╔══

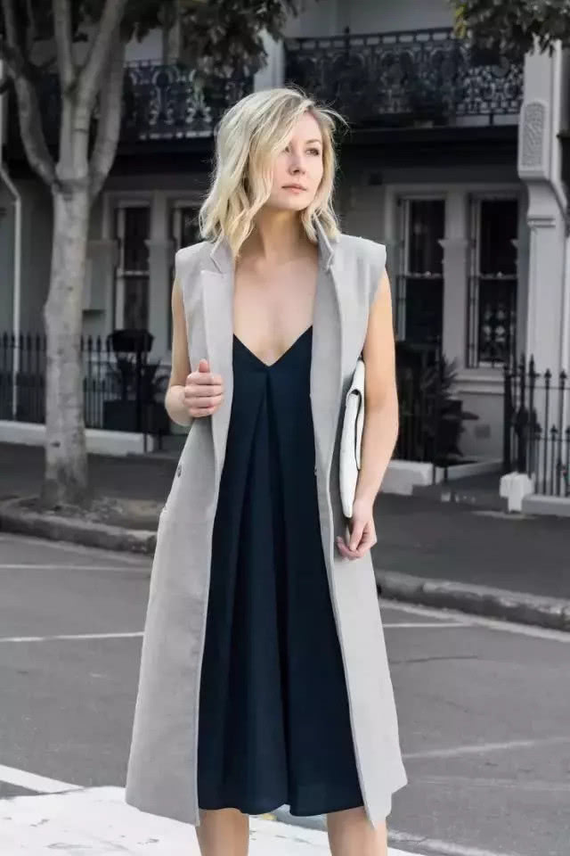 無袖連衣裙想必在夏季是人手好幾件吧?入秋也別著急收起來,套上長馬甲,輕鬆幫你過渡到秋季。
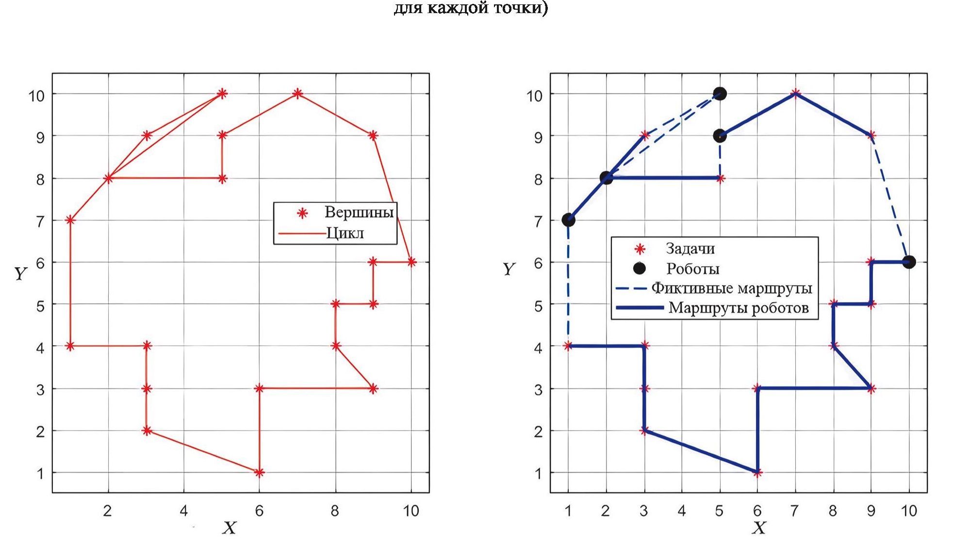Решение NP-полных задач с помощью нейросетевых методов широко практикуется для задач TSP-класса [19]. Для преобразования исходной задачи к задаче TSP-класса введем фиктивные переходы между заданиями и работами на поле, а также между точками расположения роботов с нулевым весом. В конечной точке траектории i-го робота необходимо замкнуть его маршрут через фиктивный путь i+1 робота. При этом вершину маршрута последнего робота N необходимо замкнуть на вершину первого робота (N = 1). Это позволяет построить граф, содержащий гамильтонов цикл, являющийся одним из вероятных решений.
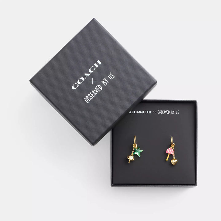 Coach Coach X Observed By Us Mismatch Star And Mushroom Huggie Earrings
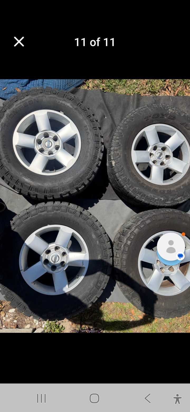 Set of 18 Inch Rims And Tires OEM Solid Aluminum for Nissan Titan, no bends or cracks. Rim Size 18x8 inch. ET25. Lug pattern 6x139.7mm or 6x5.5 inch. All have 18 inch Mickey Thomson Tires tread 3 around 90%, 4th getting bold LT295 70 18 inch
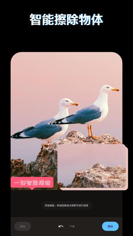 魔术擦除: 智能AI擦除技术,轻松去除照片中的瑕疵和不需要的物体,让你的照片更加完美。
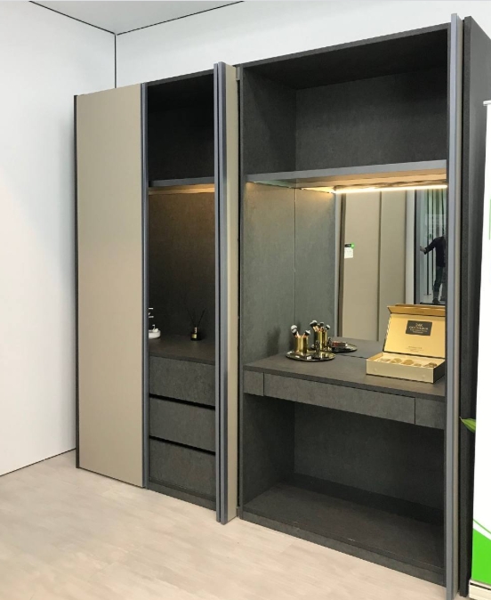 Skříňové zásuvné kování Rotary Ecoline je ideální pro výrobu praktických, prostorově úsporných a moderních designů skříní. Kování umožní skrýt dveře na bok skříně a zajistí tak neomezený přístup do vnitřního prostoru skříně.
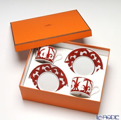 バレンタインギフトのおすすめは、情熱の赤で彩られる「HERMES ガダルキヴィール ティーカップ&ソーサー(ペア)」。
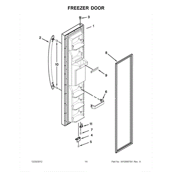 The Freezer Door Gasket is an OEM replacement part for Whirlpool refrigerators. It creates a tight insulating seal around the perimeter of the freezer door opening. The gasket helps maintain consistent sub-freezing temperatures inside by preventing cold air loss. Causes relate to natural compression fatigue over time, cracks developing with use, or accidental slicing/tears from sharp edges within the freezer. Symptoms of a compromised gasket include:
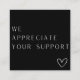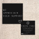 De här korten har en elegant svartvit design och ger plats för ditt varumärke och din namnteckning för logotyp, vilket skapar ett sammanhängande och modernt utseende. Perfekt för små företag, de ger dig möjlighet att uttrycka tacksamhet för kundsupport, inkludera ett rabattmeddelande eller inbjudan-kunder att ansluta på social-media. Dessa kort gör det enkelt att förvandla ett enkelt tack till en meningsfull gest, som bygger lojalitet och tillit med varje order. Skapa en modern kundupplevelse - anpassa din dator i dag!
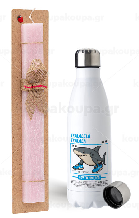 Tralalero Tralala, Easter Set, metallic stainless steel water bottle (750ml) & scented flat Easter candle (30cm) (PINK)
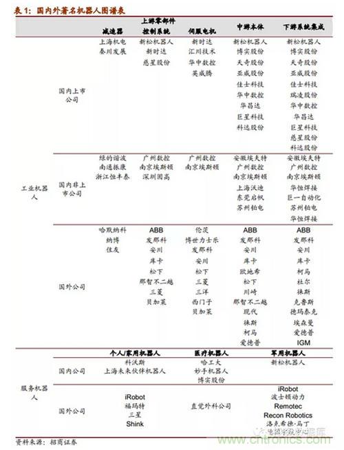 【導(dǎo)讀】隨著中國(guó)人口紅利消失,機(jī)器人不僅在制造業(yè)上正在替代工人,還將在軍事、服務(wù)、娛樂(lè)等領(lǐng)域取代人類(lèi),“鋼鐵俠”已不僅僅存在于美國(guó)科幻電影中,而正走入我們的生活。本篇報(bào)告對(duì)機(jī)器人行業(yè)及龍頭上市公司進(jìn)行分析,對(duì)比日本、美國(guó)、德國(guó)機(jī)器人行業(yè)技術(shù)路線、發(fā)展路徑、下游市場(chǎng)分布,對(duì)國(guó)內(nèi)機(jī)器人行業(yè)發(fā)展方向和空間進(jìn)行預(yù)測(cè),挖掘中國(guó)股市的tenbager。一起跟隨我愛(ài)方案網(wǎng)小編瞧瞧吧(做好準(zhǔn)備,很長(zhǎng)的喔)!
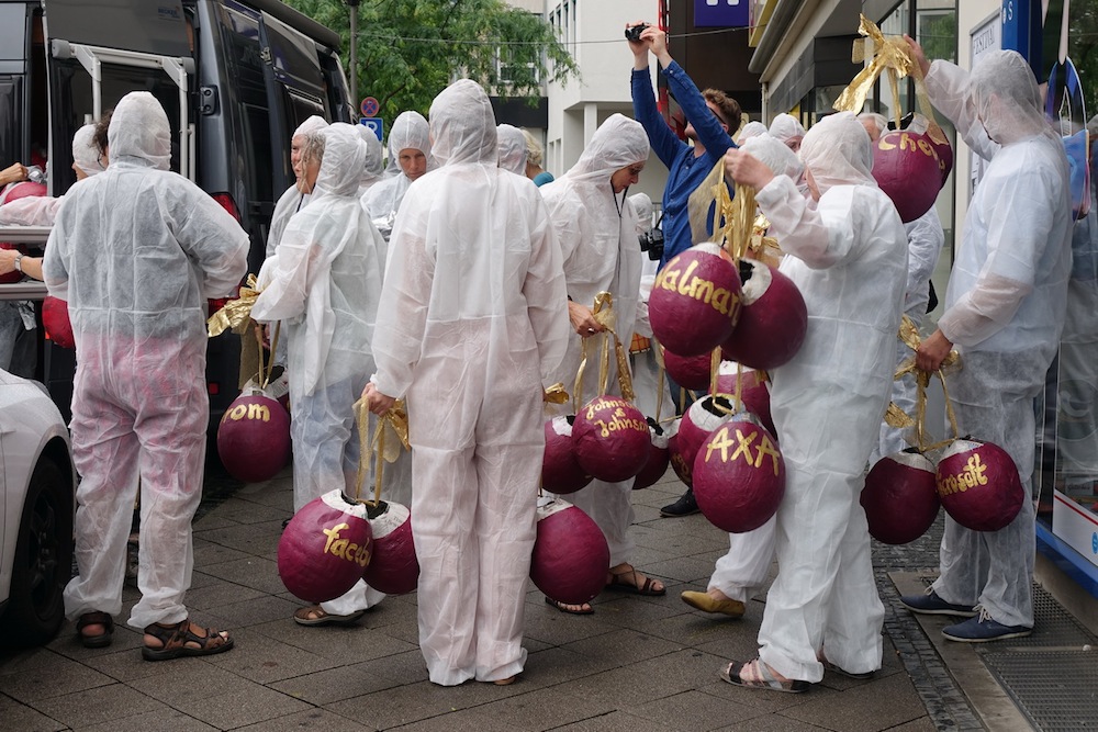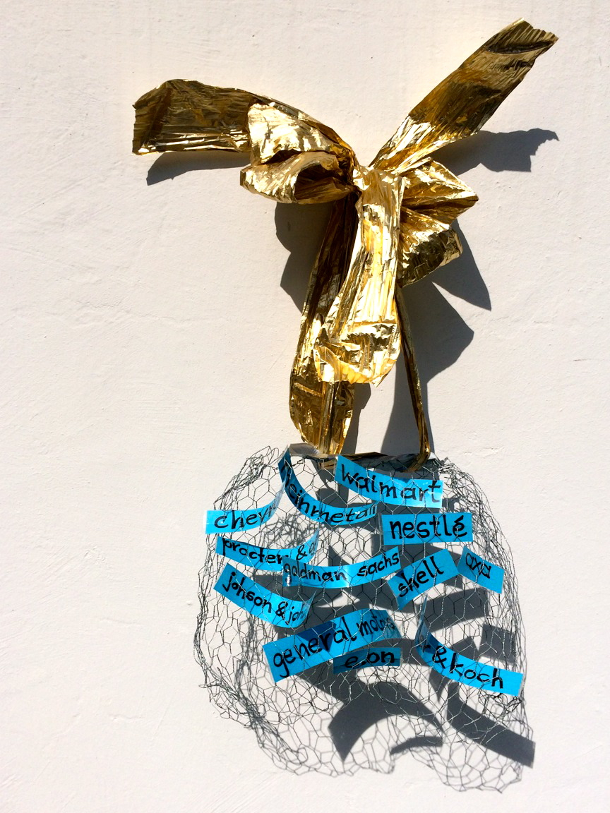 - auf der einen hälfte der insgesamt 72 fragilen ballons (paarweise gehängt –hodenanalog) stehen 32 namen aus der liste der 100 weltweit marktführenden, also der mächtigsten und finanzkräftigsten weltkonzerne
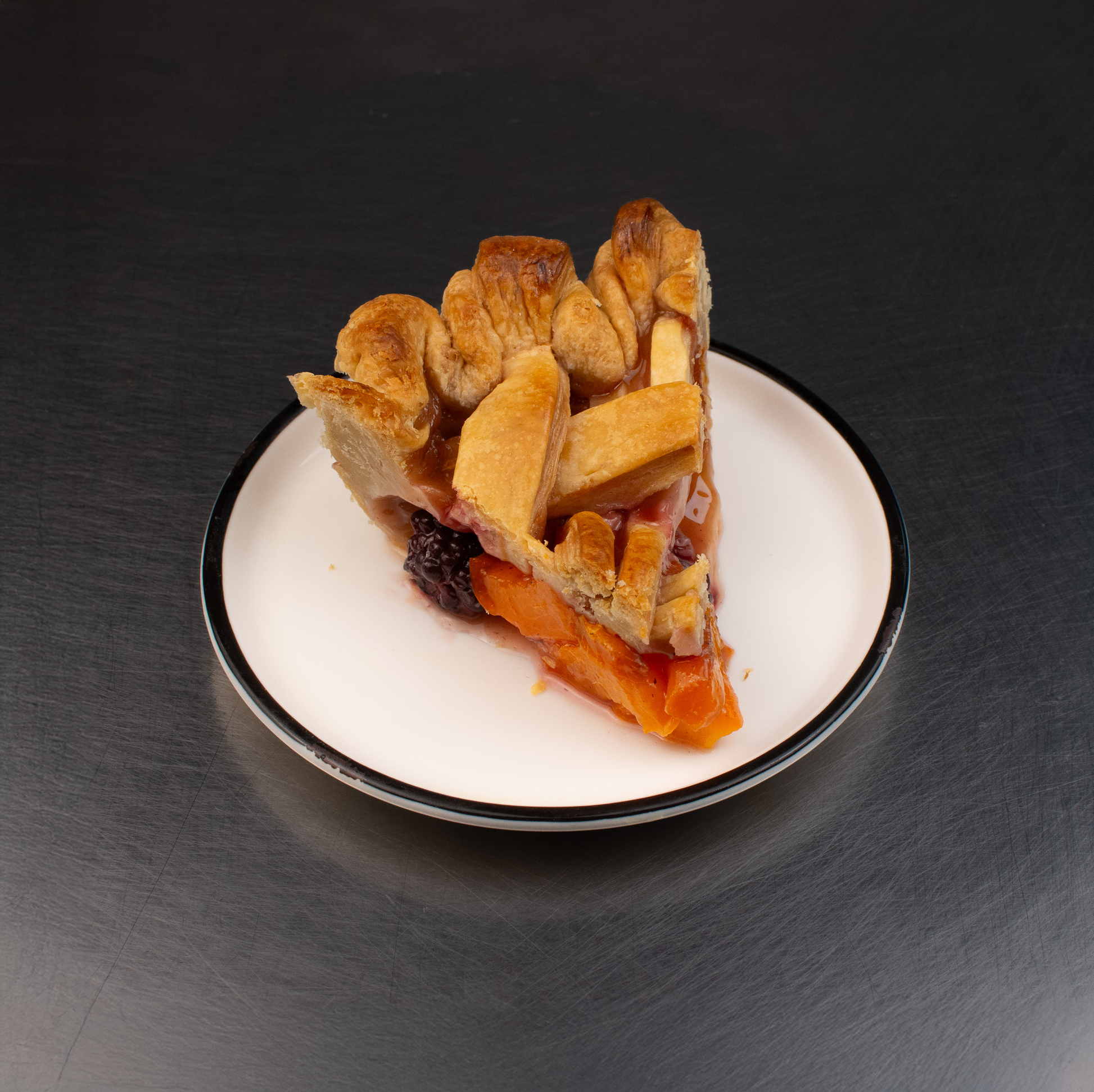 Empieza el verano con nuestra Apricot Blackberry Pie, una tarta de frutas de temporada que combina la dulzura suave del albaricoque con el toque ácido y jugoso de las moras. Todo sobre nuestra clásica masa dorada y crujiente, horneada a la perfección. Una combinación equilibrada, fresca y deliciosa.

╚══

**Problem**
Please give all of the material again, exactly, without the images.

**Answer space**
 無袖連衣裙想必在夏季是人手好幾件吧?入秋也別著急收起來,套上長馬甲,輕鬆幫你過渡到秋季。
Решение NP-полных задач с помощью нейросетевых методов широко практикуется для задач TSP-класса [19]. Для преобразования исходной задачи к задаче TSP-класса введем фиктивные переходы между заданиями и работами на поле, а также между точками расположения роботов с нулевым весом. В конечной точке траектории i-го робота необходимо замкнуть его маршрут через фиктивный путь i+1 робота. При этом вершину маршрута последнего робота N необходимо замкнуть на вершину первого робота (N = 1). Это позволяет построить граф, содержащий гамильтонов цикл, являющийся одним из вероятных решений.
 Coach Coach X Observed By Us Mismatch Star And Mushroom Huggie Earrings
 Set of 18 Inch Rims And Tires OEM Solid Aluminum for Nissan Titan, no bends or cracks. Rim Size 18x8 inch. ET25. Lug pattern 6x139.7mm or 6x5.5 inch. All have 18 inch Mickey Thomson Tires tread 3 around 90%, 4th getting bold LT295 70 18 inch
 魔术擦除: 智能AI擦除技术,轻松去除照片中的瑕疵和不需要的物体,让你的照片更加完美。
 Skříňové zásuvné kování Rotary Ecoline je ideální pro výrobu praktických, prostorově úsporných a moderních designů skříní. Kování umožní skrýt dveře na bok skříně a zajistí tak neomezený přístup do vnitřního prostoru skříně.
 バレンタインギフトのおすすめは、情熱の赤で彩られる「HERMES ガダルキヴィール ティーカップ&ソーサー(ペア)」。
 The Freezer Door Gasket is an OEM replacement part for Whirlpool refrigerators. It creates a tight insulating seal around the perimeter of the freezer door opening. The gasket helps maintain consistent sub-freezing temperatures inside by preventing cold air loss. Causes relate to natural compression fatigue over time, cracks developing with use, or accidental slicing/tears from sharp edges within the freezer. Symptoms of a compromised gasket include:
 De här korten har en elegant svartvit design och ger plats för ditt varumärke och din namnteckning för logotyp, vilket skapar ett sammanhängande och modernt utseende. Perfekt för små företag, de ger dig möjlighet att uttrycka tacksamhet för kundsupport, inkludera ett rabattmeddelande eller inbjudan-kunder att ansluta på social-media. Dessa kort gör det enkelt att förvandla ett enkelt tack till en meningsfull gest, som bygger lojalitet och tillit med varje order. Skapa en modern kundupplevelse - anpassa din dator i dag!
 Tralalero Tralala, Easter Set, metallic stainless steel water bottle (750ml) & scented flat Easter candle (30cm) (PINK)
 【導(dǎo)讀】隨著中國(guó)人口紅利消失,機(jī)器人不僅在制造業(yè)上正在替代工人,還將在軍事、服務(wù)、娛樂(lè)等領(lǐng)域取代人類(lèi),“鋼鐵俠”已不僅僅存在于美國(guó)科幻電影中,而正走入我們的生活。本篇報(bào)告對(duì)機(jī)器人行業(yè)及龍頭上市公司進(jìn)行分析,對(duì)比日本、美國(guó)、德國(guó)機(jī)器人行業(yè)技術(shù)路線、發(fā)展路徑、下游市場(chǎng)分布,對(duì)國(guó)內(nèi)機(jī)器人行業(yè)發(fā)展方向和空間進(jìn)行預(yù)測(cè),挖掘中國(guó)股市的tenbager。一起跟隨我愛(ài)方案網(wǎng)小編瞧瞧吧(做好準(zhǔn)備,很長(zhǎng)的喔)!
 - auf der einen hälfte der insgesamt 72 fragilen ballons (paarweise gehängt –hodenanalog) stehen 32 namen aus der liste der 100 weltweit marktführenden, also der mächtigsten und finanzkräftigsten weltkonzerne
 Empieza el verano con nuestra Apricot Blackberry Pie, una tarta de frutas de temporada que combina la dulzura suave del albaricoque con el toque ácido y jugoso de las moras. Todo sobre nuestra clásica masa dorada y crujiente, horneada a la perfección. Una combinación equilibrada, fresca y deliciosa.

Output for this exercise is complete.